I hear something hit the far wall with a horrible crack, just above the gaping hole boring into the earth. Then a distant splash.

“That was Deos,” Daesra says. “I can’t see anything now.”

I can—the horrible shadow of the creature looming through the falls above us. Daesra sees it, too, and raises a bloody fist, shielding my head with his other arm.

“Ready?” he breathes.

I’ve barely nodded when a massive chunk of the rock wall punches like a giant’s fist out from behind the waterfall. It catches the spider-creature directly in the abdomen and launches it like a stone from a catapult. The protuberance parts the falls enough for me to see the thing hit the distant wall above the hole just like Deos did, drop… and then catch itself with its widespread legs at the entrance.

“Now!” Daesra shouts, but I’m already throwing everything I’ve got at it. The waterfall suddenly curves in midair, defying the forces of nature, and slams into the spider-creature. The torrent pummels it farther into the hole, but some of those hideously segmented legs are still gripping the edge through the flood—a flood I can’t hold for much longer.

“Daesra,” I gasp.

“Trying,” he says shortly, and rocks begin to hammer the creature.

I can see where those spider’s legs have latched onto the rough surface. Maybe if one of us could smooth out the stone…

But my grip on the falls starts to slip first, and the monstrosity shrugs and struggles its way back out of the hole, despite the rocks and the water barraging it. Just before the falls crash back into place, drenching me with enough force to wash me away if not for Daesra’s hold on me, the spider-creature leaps free. Flying straight for us.

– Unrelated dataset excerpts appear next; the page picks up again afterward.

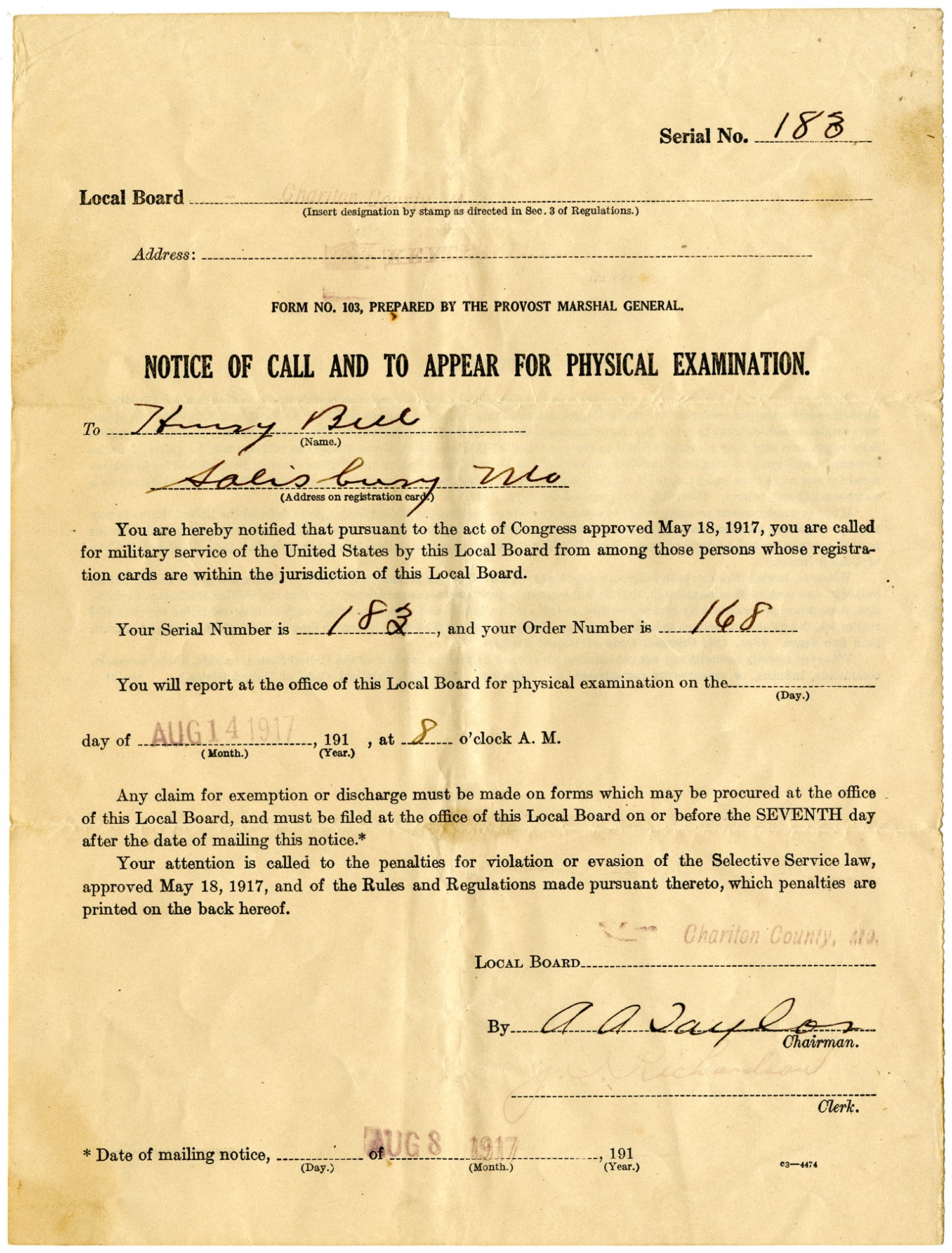 Serial No. 183 Local Board Chariton County (Insert designation by stamp as directed in Sec. 3 of Regulations.) Address: [ms illegible: 1 wd] FORM NO. 103, PREPARED BY THE PROVOST MARSHAL GENERAL. NOTICE OF CALL AND TO APPEAR FOR PHYSICAL EXAMINATION. To Henry Bell (Name.) Salisbury, [Missouri] (Address on registration card.) You are hereby notified that pursuant to the act of Congress approved May 18, 1917, you are called for military service of the United States by this Local Board from among those persons whose registration cards are within jurisdiction of this Local Board. Your Serial Number is 183, and your Order Number is 168 You will report at the office of this Local Board for physical examination on the (Day.) day of [August 14, 1917] (Month.), 191 (Year.), at 8 o
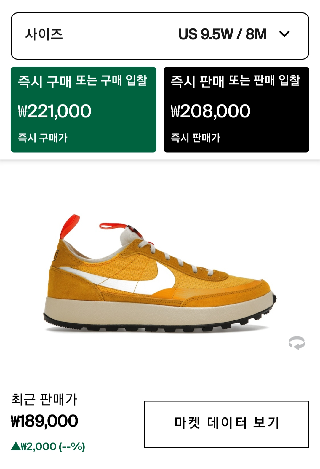 먼저, 즉시 구매 시 221,000원 / 즉시 판매 시 208,000원 입니다.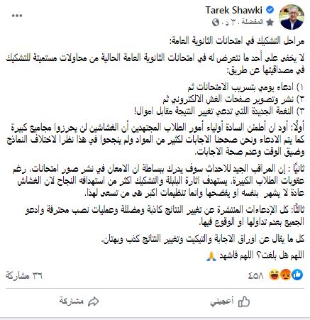 قائلا "كل ما يقال عن اوراق الاجابة والتيكيت وتغيير النتائج كذب وبهتان، اللهم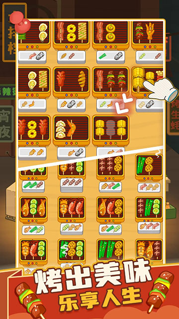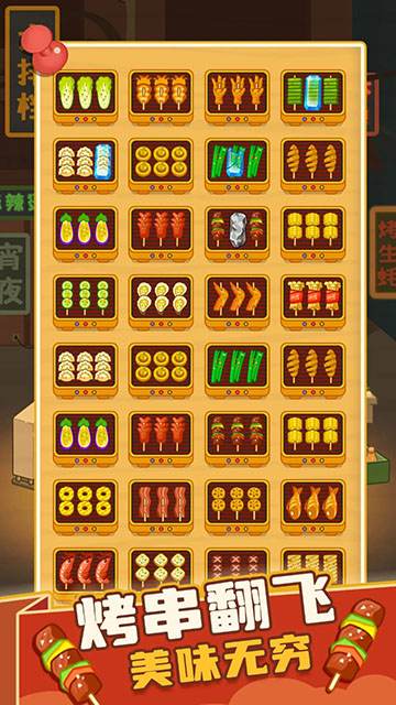 疯狂烧烤摊是一款充满趣味的益智消除类休闲游戏。在游戏中,你将化身为一位烧烤店老板,通过巧妙摆放各种美味烤串来经营自己的小店。游戏的核心玩法简单易上手:只需将三根相同种类的烤串连在一起,它们就会自动消失并获得金币奖励。随着游戏的深入,你可以用赚取的金币解锁更大规模的店铺和个性化装扮,让你的烧烤摊越来越红火。游戏画面色彩鲜艳,烤串种类丰富多样,操作流畅有趣,无论是休闲放松还是挑战高分,都能带来愉悦的游戏体验。快来开启这场别开生面的烧烤经营之旅吧!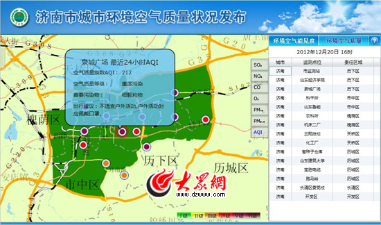 今天下午,記者通過查看濟南市城市環境空氣質量發布平臺發現,在全市15個監測點最近24小時的AQI數據中,市區有8個監測點的空氣質量等級達到了“重度污染”,僅有跑馬嶺1個監測點空氣質量達到了“良”,其余6個監測點為“輕度污染”或“中度污染”。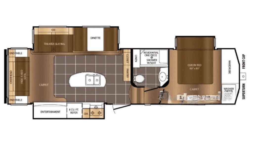 The 2015 Crusader 315RST by Prime Time Manufacturing delivers a high-end fifth wheel experience with residential finishes, spacious opposing-slide living, and reliable construction. Designed for extended stays or comfortable weekend getaways, this model blends luxury, practicality, and storage in a well-laid-out floorplan.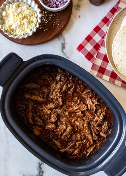 So today, I’m sharing this delicious Slow Cooker Beef Tinga. You know I love my Chicken Tinga here on the blog, so changing it up to beef using a chuck roast seemed like a no-brainer.
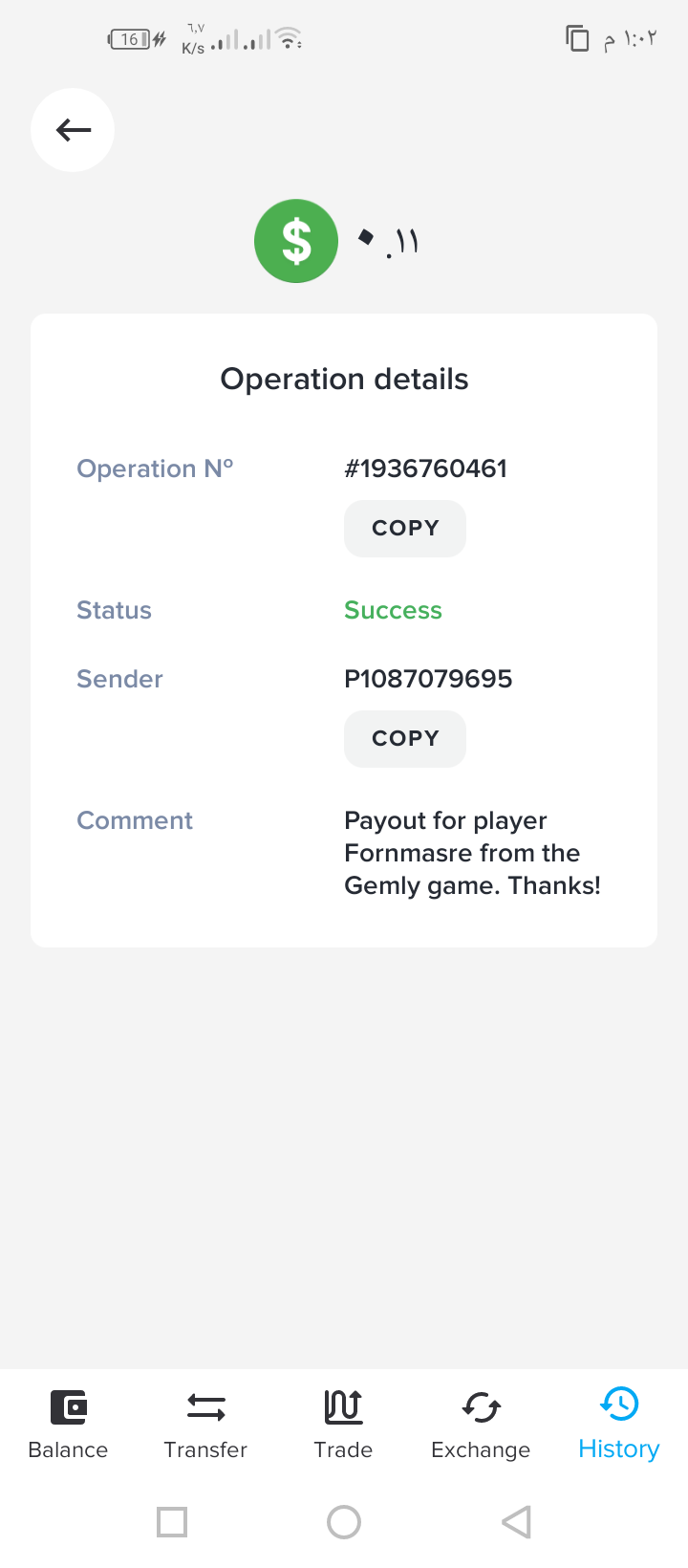 Комментарий: Sklim спасибо за выплату из игры Gemly!

Daesra dives, dragging us both into the current, the cold hitting me once again. Even under water, I hear—feel—the monstrosity crashing into the rock face where we’d just been.

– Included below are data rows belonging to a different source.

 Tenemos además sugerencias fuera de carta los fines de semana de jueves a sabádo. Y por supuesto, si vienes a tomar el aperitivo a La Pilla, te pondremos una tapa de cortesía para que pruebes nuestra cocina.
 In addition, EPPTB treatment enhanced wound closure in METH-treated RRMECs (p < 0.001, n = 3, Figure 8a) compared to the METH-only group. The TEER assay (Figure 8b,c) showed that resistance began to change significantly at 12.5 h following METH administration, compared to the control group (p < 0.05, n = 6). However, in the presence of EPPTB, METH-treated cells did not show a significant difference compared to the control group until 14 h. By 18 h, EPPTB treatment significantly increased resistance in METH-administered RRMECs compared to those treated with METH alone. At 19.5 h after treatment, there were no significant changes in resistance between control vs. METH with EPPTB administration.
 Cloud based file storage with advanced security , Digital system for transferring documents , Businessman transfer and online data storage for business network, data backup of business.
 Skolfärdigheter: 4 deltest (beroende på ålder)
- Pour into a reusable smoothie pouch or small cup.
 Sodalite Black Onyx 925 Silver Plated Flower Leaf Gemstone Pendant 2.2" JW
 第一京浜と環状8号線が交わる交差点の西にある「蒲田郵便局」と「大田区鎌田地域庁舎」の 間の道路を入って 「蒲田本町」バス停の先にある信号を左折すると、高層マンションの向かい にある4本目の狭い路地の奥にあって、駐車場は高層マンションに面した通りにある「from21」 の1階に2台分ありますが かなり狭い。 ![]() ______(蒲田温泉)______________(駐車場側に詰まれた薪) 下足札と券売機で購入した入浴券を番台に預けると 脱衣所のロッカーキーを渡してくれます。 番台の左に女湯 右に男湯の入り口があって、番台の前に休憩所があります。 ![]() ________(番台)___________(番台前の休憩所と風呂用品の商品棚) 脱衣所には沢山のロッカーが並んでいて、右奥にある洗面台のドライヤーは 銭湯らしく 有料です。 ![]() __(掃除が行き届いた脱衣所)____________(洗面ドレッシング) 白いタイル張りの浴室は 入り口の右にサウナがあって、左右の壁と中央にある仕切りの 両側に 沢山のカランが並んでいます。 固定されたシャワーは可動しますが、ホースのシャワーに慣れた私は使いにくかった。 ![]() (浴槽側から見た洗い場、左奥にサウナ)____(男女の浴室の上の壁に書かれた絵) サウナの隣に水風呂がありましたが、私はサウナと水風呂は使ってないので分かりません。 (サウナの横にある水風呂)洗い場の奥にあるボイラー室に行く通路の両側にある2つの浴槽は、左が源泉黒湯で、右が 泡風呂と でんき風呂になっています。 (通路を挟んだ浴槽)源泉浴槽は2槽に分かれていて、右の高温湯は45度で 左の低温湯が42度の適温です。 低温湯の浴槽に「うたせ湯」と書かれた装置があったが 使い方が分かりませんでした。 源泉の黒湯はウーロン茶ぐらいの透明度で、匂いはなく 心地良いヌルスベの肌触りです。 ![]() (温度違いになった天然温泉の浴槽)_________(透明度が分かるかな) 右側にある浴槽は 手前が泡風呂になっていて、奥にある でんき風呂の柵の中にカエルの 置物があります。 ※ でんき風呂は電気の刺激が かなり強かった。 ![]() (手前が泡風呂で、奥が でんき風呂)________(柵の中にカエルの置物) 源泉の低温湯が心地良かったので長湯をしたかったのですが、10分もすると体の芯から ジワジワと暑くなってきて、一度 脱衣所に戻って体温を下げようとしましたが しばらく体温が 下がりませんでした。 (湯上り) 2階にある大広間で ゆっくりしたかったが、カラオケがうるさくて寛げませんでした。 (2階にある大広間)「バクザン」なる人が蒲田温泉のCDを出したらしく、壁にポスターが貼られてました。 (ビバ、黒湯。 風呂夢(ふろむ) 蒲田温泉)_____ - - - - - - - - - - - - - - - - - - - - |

When we surface in the choppy, rushing waves, Daesra shouts, “Take a deep breath. I’ll shield us.” He takes one himself just as I do, and that’s all either of us has time for before the waiting maw of the underground tunnel swallows us. We tumble and fall into darkness.

The world is black, churning chaos. Violent. Even with Daesra’s body and shield wrapped around me, I can feel us careening off rocks. At least the torrent feels less like certain death and more like more like a buffeting wind as we’re swept along.

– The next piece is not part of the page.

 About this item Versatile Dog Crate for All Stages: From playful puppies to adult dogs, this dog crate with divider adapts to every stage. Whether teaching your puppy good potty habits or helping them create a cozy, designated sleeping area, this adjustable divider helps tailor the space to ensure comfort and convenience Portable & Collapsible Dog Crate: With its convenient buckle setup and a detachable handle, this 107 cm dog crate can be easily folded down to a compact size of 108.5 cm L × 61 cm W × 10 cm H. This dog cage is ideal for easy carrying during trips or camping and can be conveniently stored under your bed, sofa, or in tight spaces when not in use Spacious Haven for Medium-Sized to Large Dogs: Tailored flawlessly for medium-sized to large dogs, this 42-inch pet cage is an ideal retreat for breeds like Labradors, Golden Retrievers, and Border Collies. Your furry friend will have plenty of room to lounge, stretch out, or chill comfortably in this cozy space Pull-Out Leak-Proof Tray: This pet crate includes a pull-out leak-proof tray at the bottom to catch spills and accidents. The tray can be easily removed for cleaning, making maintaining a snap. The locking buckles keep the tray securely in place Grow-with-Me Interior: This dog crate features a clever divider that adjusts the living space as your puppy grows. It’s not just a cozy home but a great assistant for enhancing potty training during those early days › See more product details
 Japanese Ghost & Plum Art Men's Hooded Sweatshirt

But in too little time, I need air. I jerk, my body starting to struggle involuntarily, but Daesra only holds me tighter. I thrash in his arms, shoving at his chest, but he shakes his head alongside mine, and then pulls me back by my hair.

His lips meet mine. It takes me a moment, coughing under water, to empty my mouth, and he his own, but then it’s just our lips together. And he breathes into me.

I can hold my breath for a very long time , he once said.

He also doesn’t possess the lungs of a horse. He only has so much breath to spare. Still, it’s enough for me to stop panicking as we bounce off the tunnel walls and slam into invisible rocks in the cold, wet darkness.

Pogli , I can’t help but think now.

When I start to tense, Daesra breathes into me again, squeezing the back of my neck in a soothing motion. It helps, but it doesn’t ease my panic for long. I’m not sure how much longer we can keep this up.

I begin to struggle once more, my lungs screaming for air. His lips press against mine for what I know will be the final time.

And then everything turns silver.

No , I think, even if it means safety. I don’t want to know.

But then it’s as if I’m someone someplace else, and that thought has never crossed my mind.